(Task material):
──────────
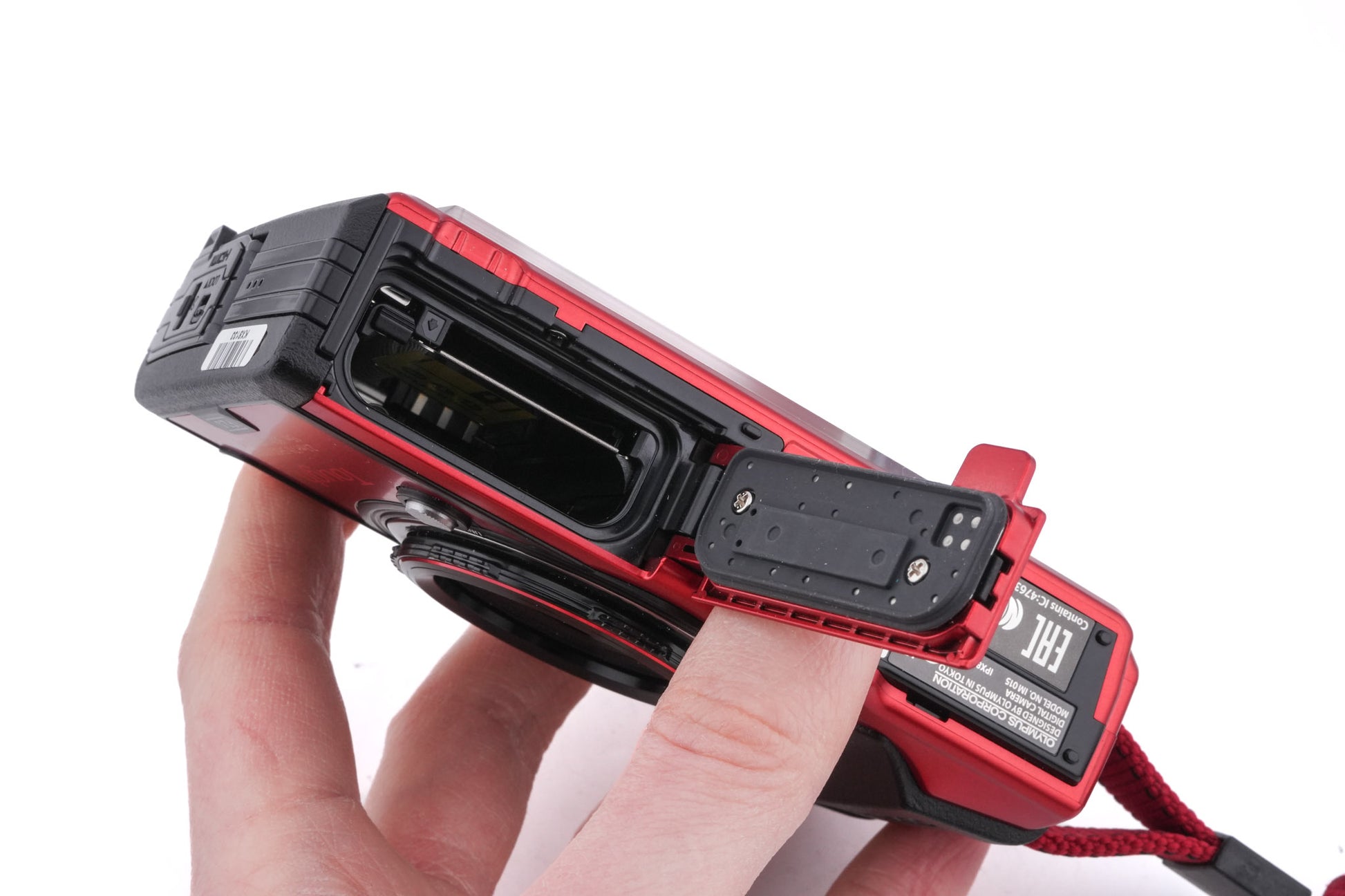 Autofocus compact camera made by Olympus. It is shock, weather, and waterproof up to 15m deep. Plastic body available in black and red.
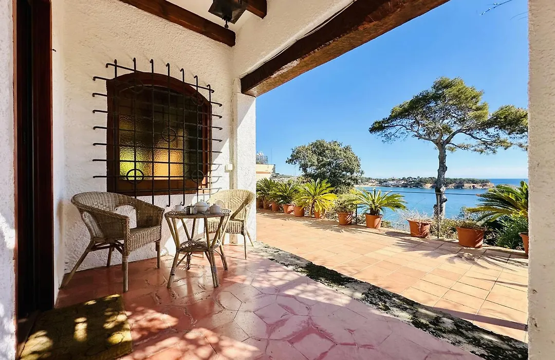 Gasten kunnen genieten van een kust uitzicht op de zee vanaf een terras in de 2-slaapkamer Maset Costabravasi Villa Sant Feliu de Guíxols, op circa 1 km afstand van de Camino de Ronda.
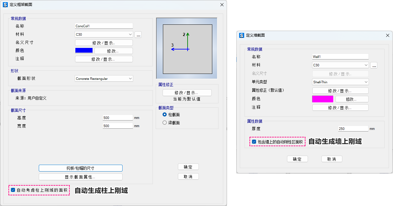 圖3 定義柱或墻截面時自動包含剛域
──────────
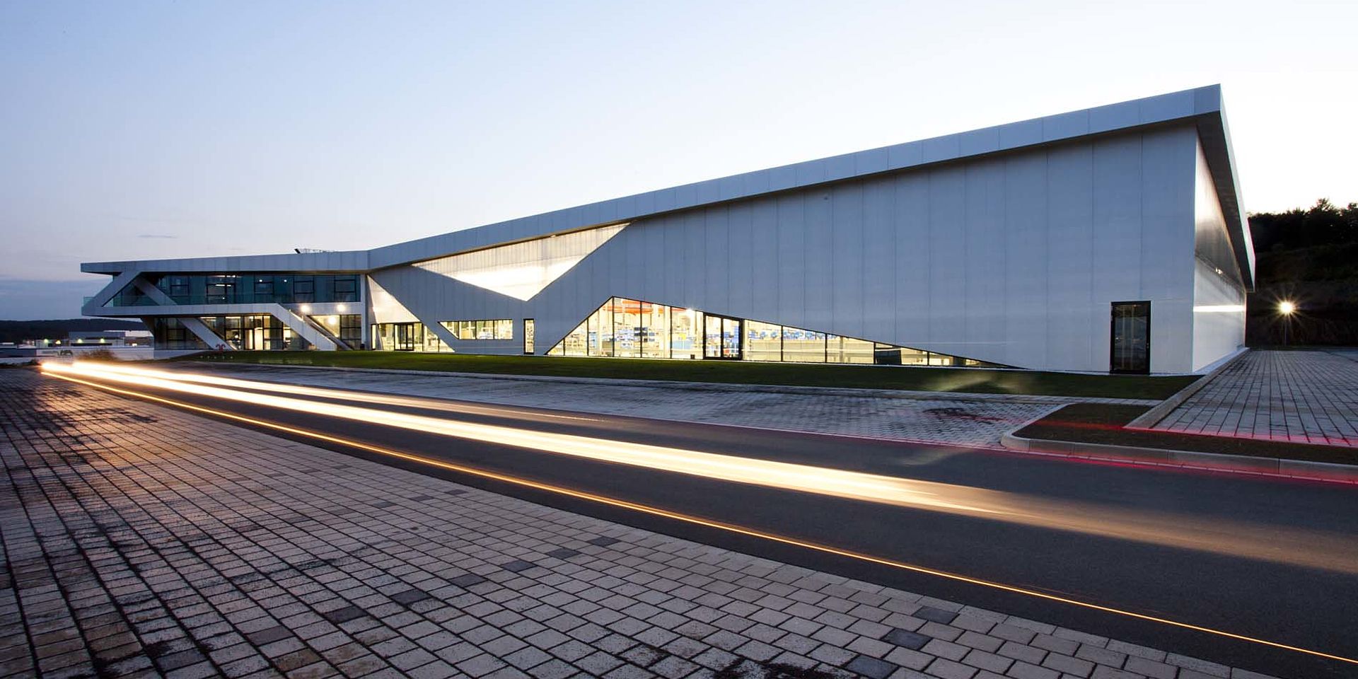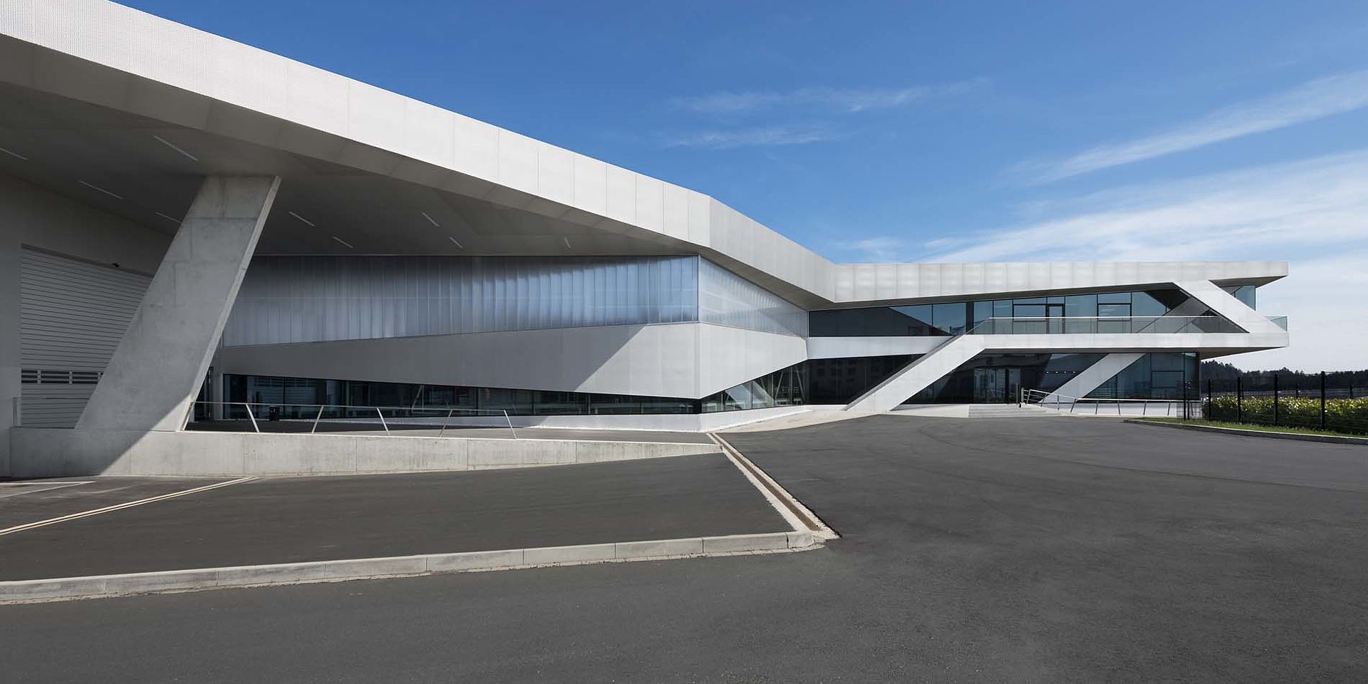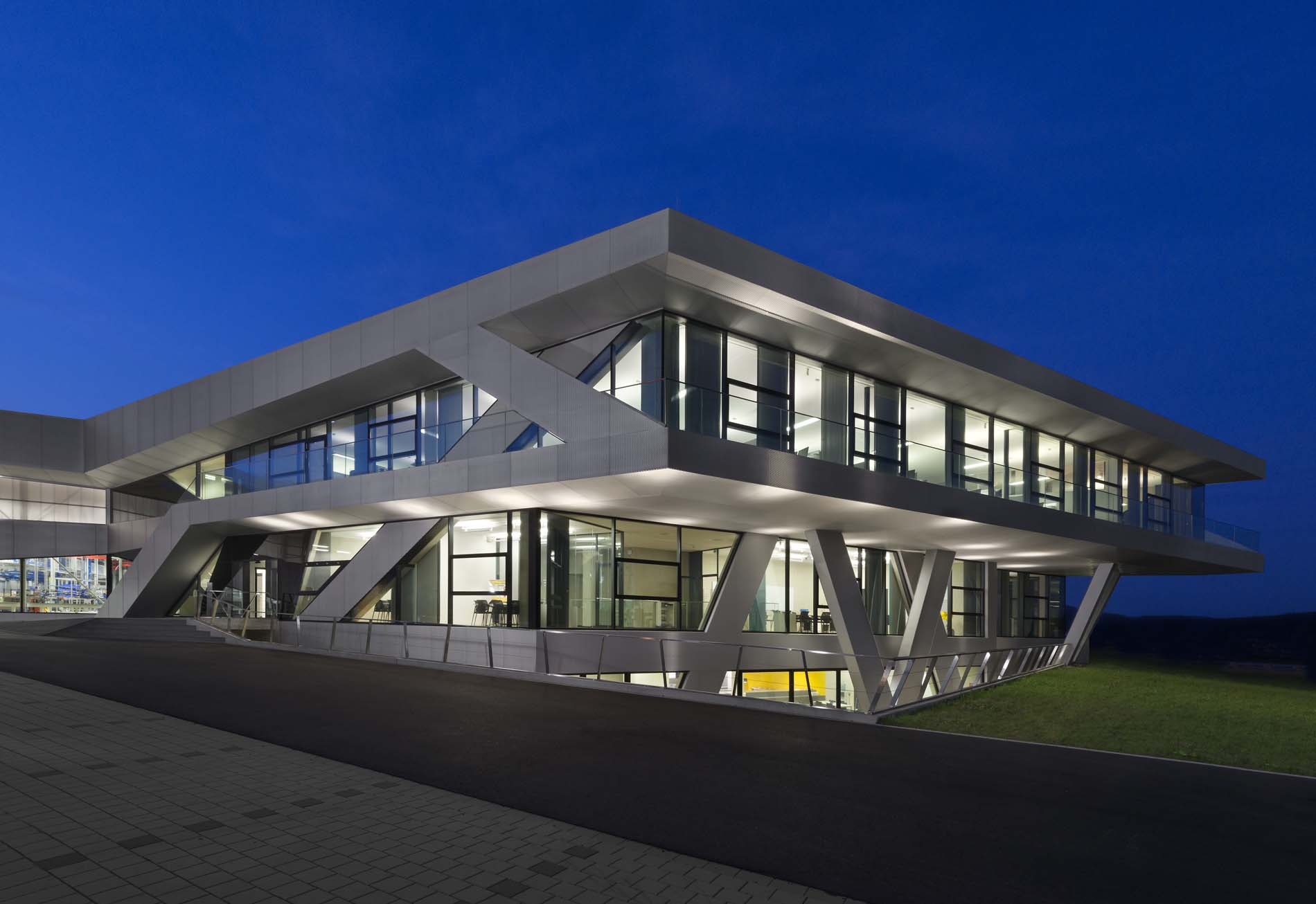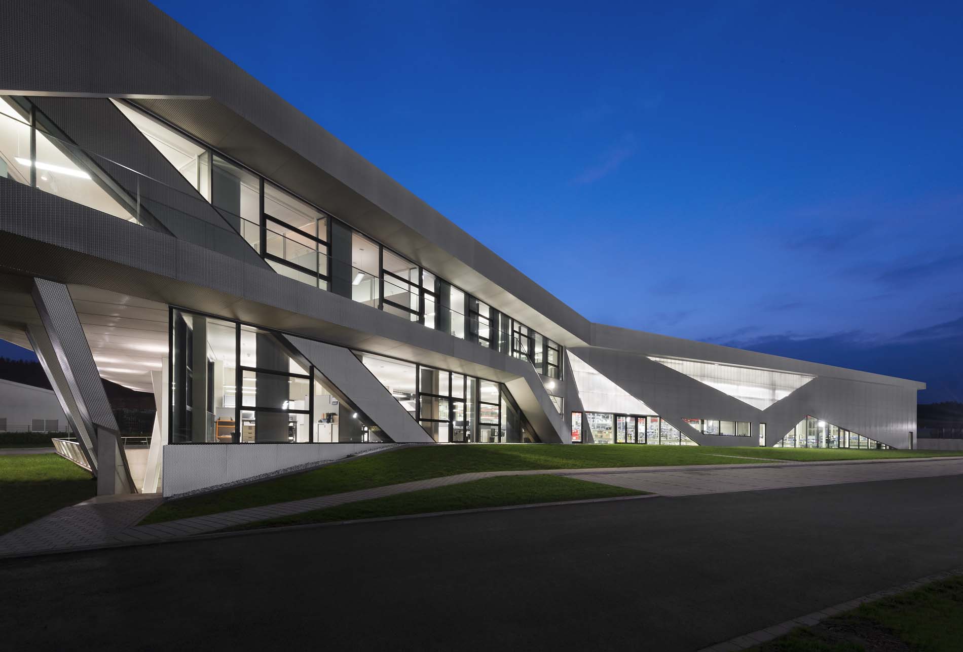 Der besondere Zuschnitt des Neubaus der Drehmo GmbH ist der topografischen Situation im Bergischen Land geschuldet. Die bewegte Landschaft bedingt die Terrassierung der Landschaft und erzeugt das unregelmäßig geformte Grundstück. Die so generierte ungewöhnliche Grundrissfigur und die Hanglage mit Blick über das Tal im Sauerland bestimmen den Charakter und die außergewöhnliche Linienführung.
──────────
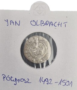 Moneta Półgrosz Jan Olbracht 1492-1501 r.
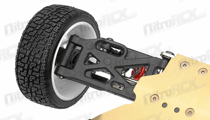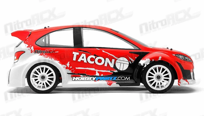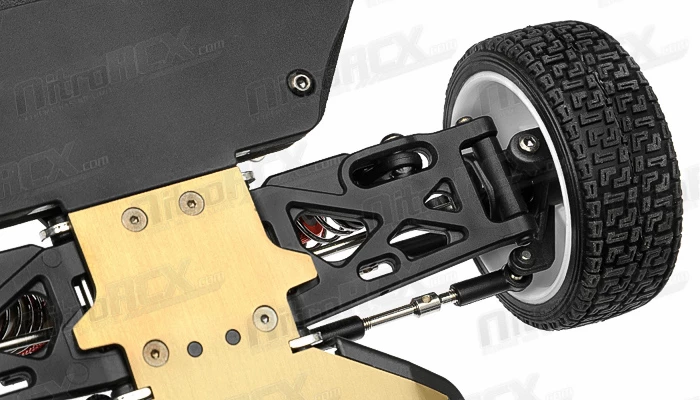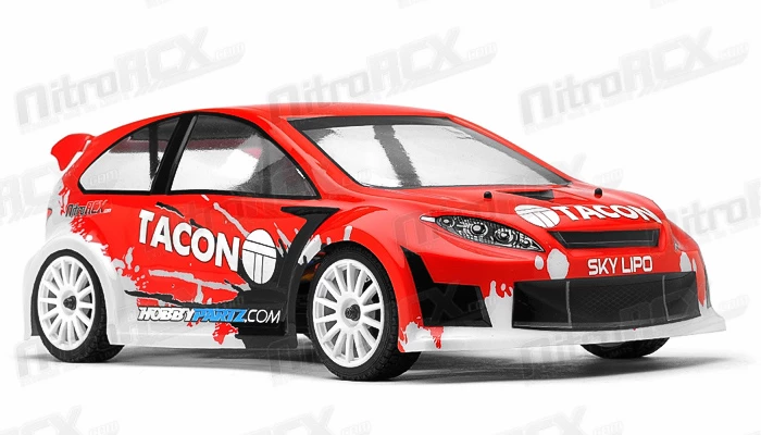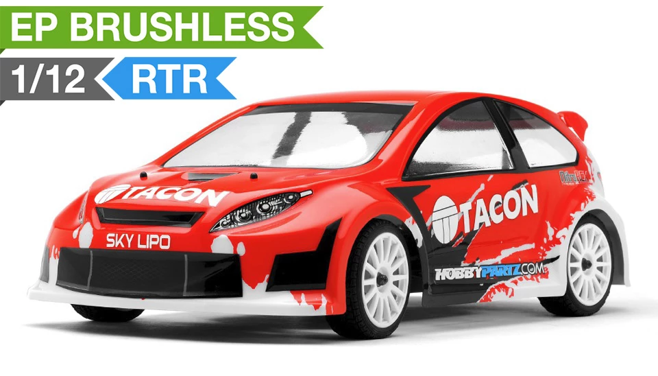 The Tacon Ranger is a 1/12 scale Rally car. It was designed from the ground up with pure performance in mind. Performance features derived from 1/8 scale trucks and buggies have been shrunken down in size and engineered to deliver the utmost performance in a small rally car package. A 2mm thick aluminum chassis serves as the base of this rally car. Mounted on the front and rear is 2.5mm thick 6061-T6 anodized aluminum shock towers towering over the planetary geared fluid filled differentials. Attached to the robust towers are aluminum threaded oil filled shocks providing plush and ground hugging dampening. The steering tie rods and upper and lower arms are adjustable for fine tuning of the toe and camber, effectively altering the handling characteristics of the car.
──────────
Every line from the one with "Autofocus compact camera" through the one with "圖3 定義柱或墻截面時自動包含剛域" is to be reproduced exactly as written above, and the pictures are to be dropped.

(Answer below):
 Autofocus compact camera made by Olympus. It is shock, weather, and waterproof up to 15m deep. Plastic body available in black and red.
 Gasten kunnen genieten van een kust uitzicht op de zee vanaf een terras in de 2-slaapkamer Maset Costabravasi Villa Sant Feliu de Guíxols, op circa 1 km afstand van de Camino de Ronda.
 圖3 定義柱或墻截面時自動包含剛域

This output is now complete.